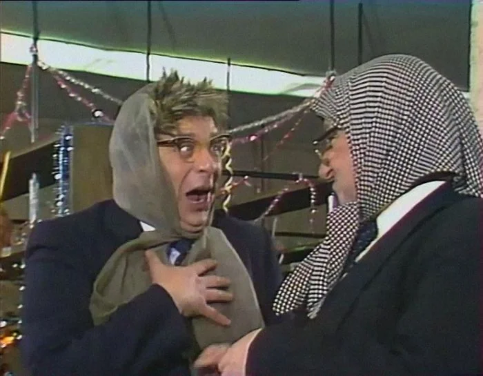 10. Виктор Ильченко и Роман Карцев на съемках новогоднего Голубого огонька в Останкино. 1979 год.
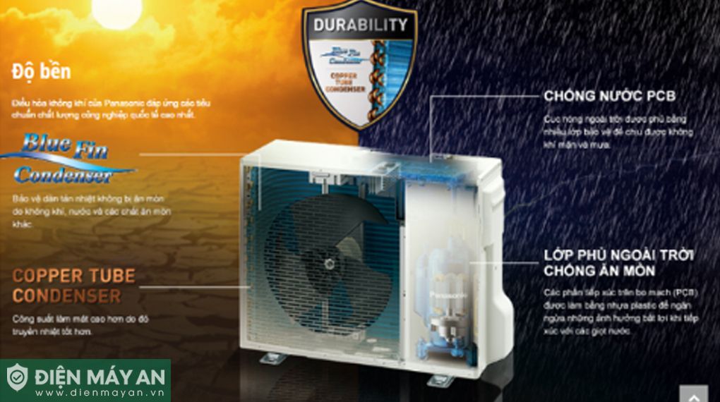 Điều hòa Panasonic CU/CS-N12ZKH-8 mang đến độ bền bỉ về chất lượng với dàn tản nhiệt cục nóng phủ lớp màu xanh blue fin chống ăn mòn bởi hơi mặn và nước mưa. Điều hoà Panasonic khằng định vị thế vững chắc trong lòng người tiêu dùng Việt Nam với quy trình kiểm tra nghiệm ngặt về độ bền của máy trước khi đưa ra thị trường, bởi thế mà chiếc điều hoà CU/CS-N12ZKH-8 luôn là những model bán chạy hiện nay.
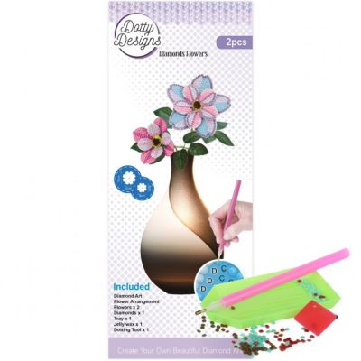 Dit setje Diamonds Flowers - Blue Gerbera Bouquet van Dotty Designs is een creatieve Diamond Art set waarmee twee decoratieve, realistische bloemen worden gemaakt. De diamantsteentjes worden één voor één met een pen op de aangegeven symbolen geplaatst. Na het aanbrengen worden de bloemonderdelen en accessoires gemonteerd tot een compleet bloemarrangement. De set is geschikt voor hobbygebruik en biedt een gestructureerde en rustgevende knutselactiviteit.
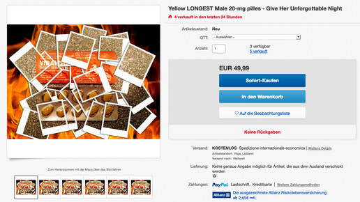 Potenzmittel wie Sildenafil oder Tadalafil gehören zu den am häufigsten angebotenen Rx-Arzneimitteln auf dem Auktionsportal Ebay. Nicht nur Ware aus Deutschland, auch im Ausland erworbene Präparate werden regelmäßig verkauft. Erst kürzlich hatte ein Rentner sein Sildenafil-Dauerrezept bei Ebay angeboten.
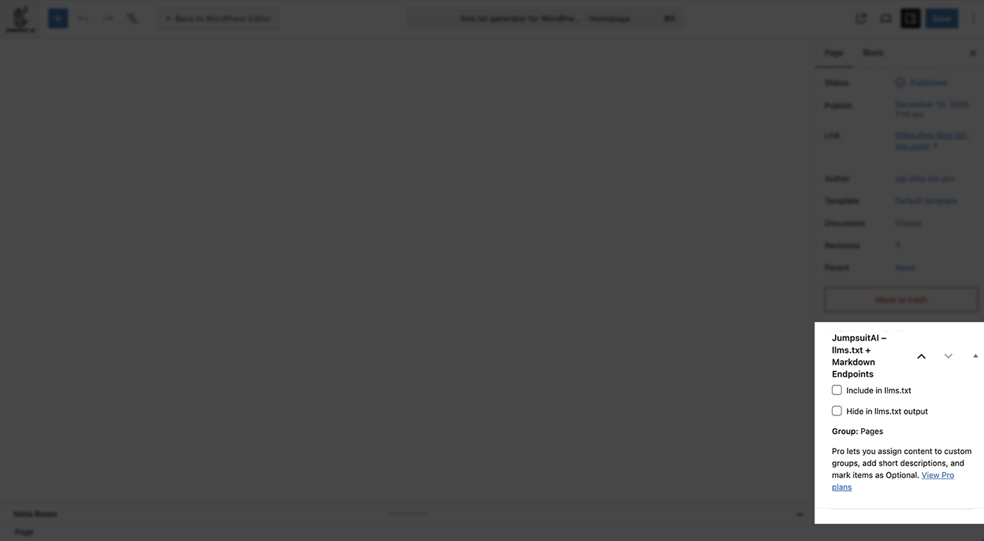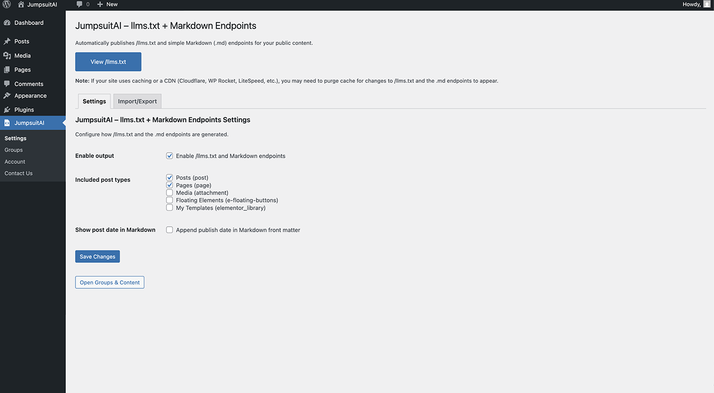 It also includes a simple Groups & Content screen to keep your output organized with sensible defaults (Pages and Posts), plus per-item controls like Hide from LLMs.
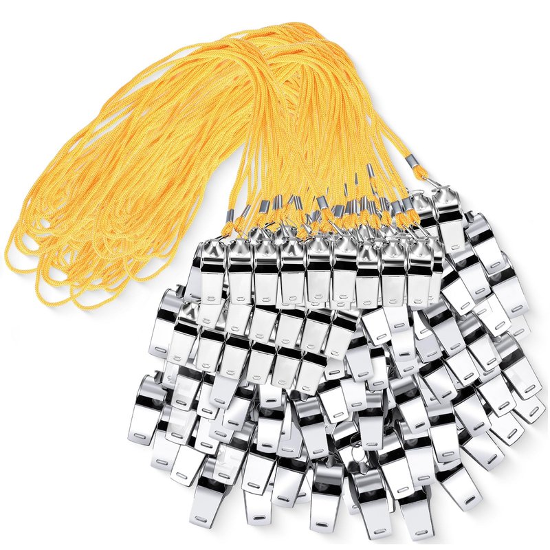 Features: Thoughtful gifts: The gym whistle with lanyard is feasible to be shared with your friend, colleagues, classmates, family members and teachers, making them feel your sincere care. Loud sound: Our metal whistles with lanyard can produce a loud and clear sound, giving you a better using experience, ideal items for matches or games. Specifications: Material: stainless steel Color: silver, yellow Size: Whistles: about 1.8 x 0.6 inches The lanyard: about 17.72 inches/ 45 cm Package includes: 100 Pieces of whistles with lanyard Notes: Manual measurement, please allow slight errors on size. The color may exist a slight difference due to different screen displays.
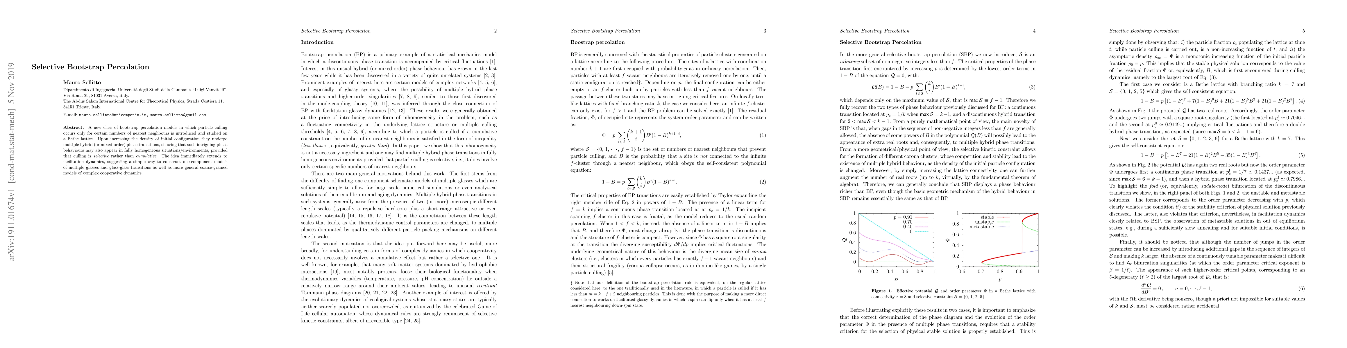 A new class of bootstrap percolation models in which particle culling occurs only for certain numbers of nearest neighbours is introduced and studied on a Bethe lattice. Upon increasing the density of initial configuration they undergo multiple hybrid (or mixed-order) phase transitions, showing that such intriguing phase behaviours may also appear in fully homogeneous situations/environments, provided that culling is selective rather than cumulative. The idea immediately extends to facilitation dynamics, suggesting a simple way to construct one-component models of multiple glasses and glass-glass transitions as well as more general coarse-grained models of complex cooperative dynamics.
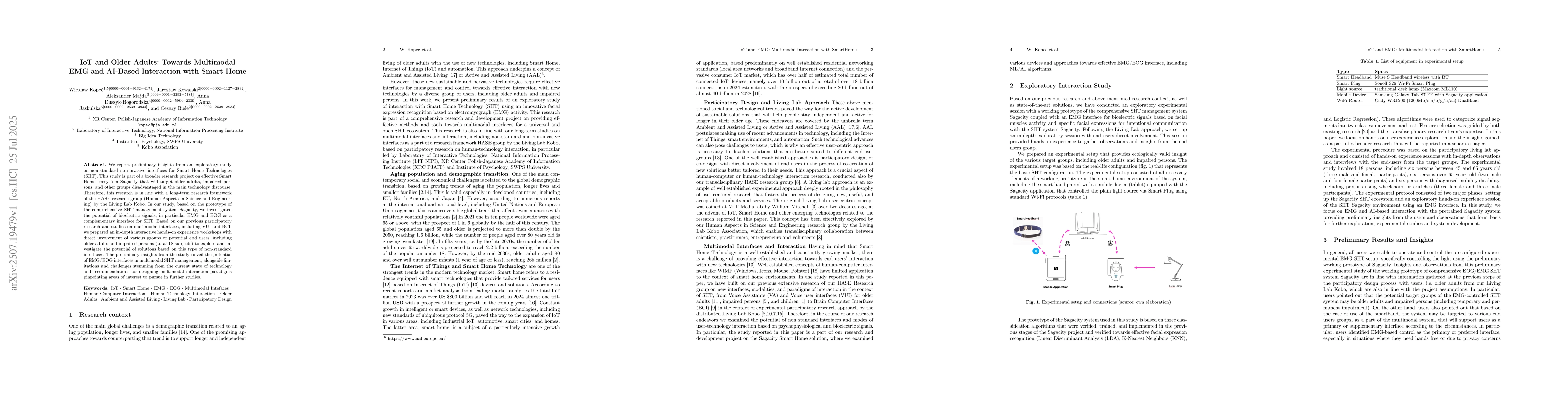 We report preliminary insights from an exploratory study on non-standard non-invasive interfaces for Smart Home Technologies (SHT). This study is part of a broader research project on effective Smart Home ecosystem Sagacity that will target older adults, impaired persons, and other groups disadvantaged in the main technology discourse. Therefore, this research is in line with a long-term research framework of the HASE research group (Human Aspects in Science and Engineering) by the Living Lab Kobo. In our study, based on the prototype of the comprehensive SHT management system Sagacity, we investigated the potential of bioelectric signals, in particular EMG and EOG as a complementary interface for SHT. Based on our previous participatory research and studies on multimodal interfaces, including VUI and BCI, we prepared an in-depth interactive hands-on experience workshops with direct involvement of various groups of potential end users, including older adults and impaired persons (total 18 subjects) to explore and investigate the potential of solutions based on this type of non-standard interfaces. The preliminary insights from the study unveil the potential of EMG/EOG interfaces in multimodal SHT management, alongside limitations and challenges stemming from the current state of technology and recommendations for designing multimodal interaction paradigms pinpointing areas of interest to pursue in further studies.
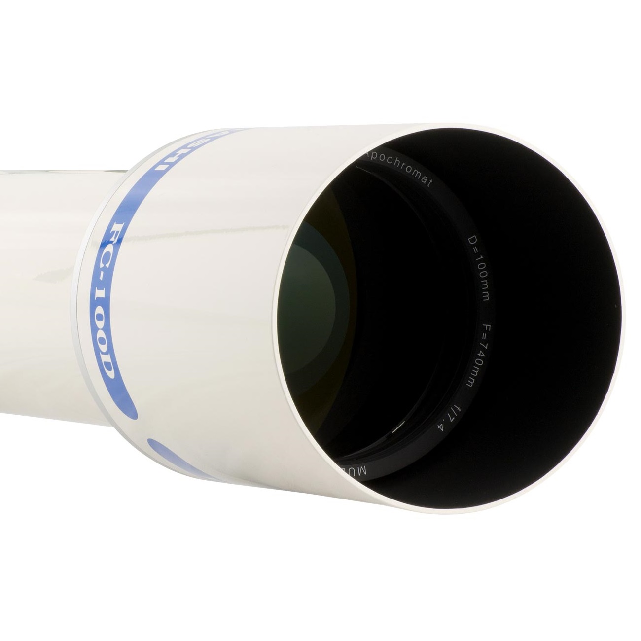 Der FC-100DC ist die Minimal-Lösung eines 4" Apos, er bietet keine teuren machanischen Extras, es wird z.B. der kleine Auszug des FC-76DC verwendet, die Taukappe lässt sich nicht einschieben. Dafür hat man ein hervorragendes Preis-Leistungs-Verhältnis, der Großteil der Anschaffungskosten fließt in die Optik, und die ist auf höchstem Niveau. Eine der beiden Linsen besteht aus Fluorit (CaF2), bei den FC-Geräten ist es die innenliegende, im Vergleich zum alten Modell konnte die Farbreinheit nochmals etwas verbessert werden, obwohl die Neuauflage eine kürzere Brennweite hat. Das Fluorit-Objektiv liefert eine herausragende Bildqualität und ist Dank der zweilinsigen Bauart sehr leicht und kühlt schnell aus.
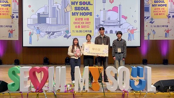 상명대는 본교 학생들로 구성된 '투게더인서울'팀이 지난 18일 서울시가 개최한 '글로벌 서울 아이디어 제안 숏폼 챌린지' 공모전에서 우수상을 수상했다고 21일 밝혔다.
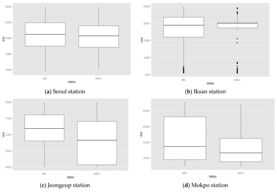 Figure 3 shows the box-plot of access distance range of mobile population. The box-plot represents the ranges of access distance to reach HSR station. We expect that if someone benefits with a short travelling time by using the HSR, then he/she would access an HSR station even if he/she resided far away from the HSR station. Therefore, Iksan and Mokpo stations were determined to have wider spectra of access distance after the launch of the HSR as the lower-and-upper quartile ranged wider compared to before condition. This illustrates that HSR attracts more people from a distance of approximately 10–15 km to 10–22 km at both stations. Jeongeup station shows an increase in the median access distance, although the access distance range is slightly decreased. Thus, the access distance range may vary depending on the city size, socio-demographic characteristics, and income level, etc. These results show that the HSR attracted more people living in widely from the area near the station, while the range of lower-and-upper quantiles varies at stations. This is especially true for Jeongeup, which is the smallest city along the HSR line with a population of approximately 114,000, consisting of over 30% of the age group of 60. However, it is difficult to determine the reason of decrease in the access distance at Jeongeup station. In contrast, Seoul station shows similar lower-and-upper quantile range of access distance although the median distance is barely increased. Therefore, we understand that the opening of the HSR had a relatively small effect on the mega city in terms of access distance range.
====================
*EXERCISE*:
Set down the lines from the one containing "상명대는 본교 학생들로" through the last line of the records above, both included, exactly as they appear and with no other text. Pictures should not be set down.

*ANSWER*:
 상명대는 본교 학생들로 구성된 '투게더인서울'팀이 지난 18일 서울시가 개최한 '글로벌 서울 아이디어 제안 숏폼 챌린지' 공모전에서 우수상을 수상했다고 21일 밝혔다.
 Figure 3 shows the box-plot of access distance range of mobile population. The box-plot represents the ranges of access distance to reach HSR station. We expect that if someone benefits with a short travelling time by using the HSR, then he/she would access an HSR station even if he/she resided far away from the HSR station. Therefore, Iksan and Mokpo stations were determined to have wider spectra of access distance after the launch of the HSR as the lower-and-upper quartile ranged wider compared to before condition. This illustrates that HSR attracts more people from a distance of approximately 10–15 km to 10–22 km at both stations. Jeongeup station shows an increase in the median access distance, although the access distance range is slightly decreased. Thus, the access distance range may vary depending on the city size, socio-demographic characteristics, and income level, etc. These results show that the HSR attracted more people living in widely from the area near the station, while the range of lower-and-upper quantiles varies at stations. This is especially true for Jeongeup, which is the smallest city along the HSR line with a population of approximately 114,000, consisting of over 30% of the age group of 60. However, it is difficult to determine the reason of decrease in the access distance at Jeongeup station. In contrast, Seoul station shows similar lower-and-upper quantile range of access distance although the median distance is barely increased. Therefore, we understand that the opening of the HSR had a relatively small effect on the mega city in terms of access distance range.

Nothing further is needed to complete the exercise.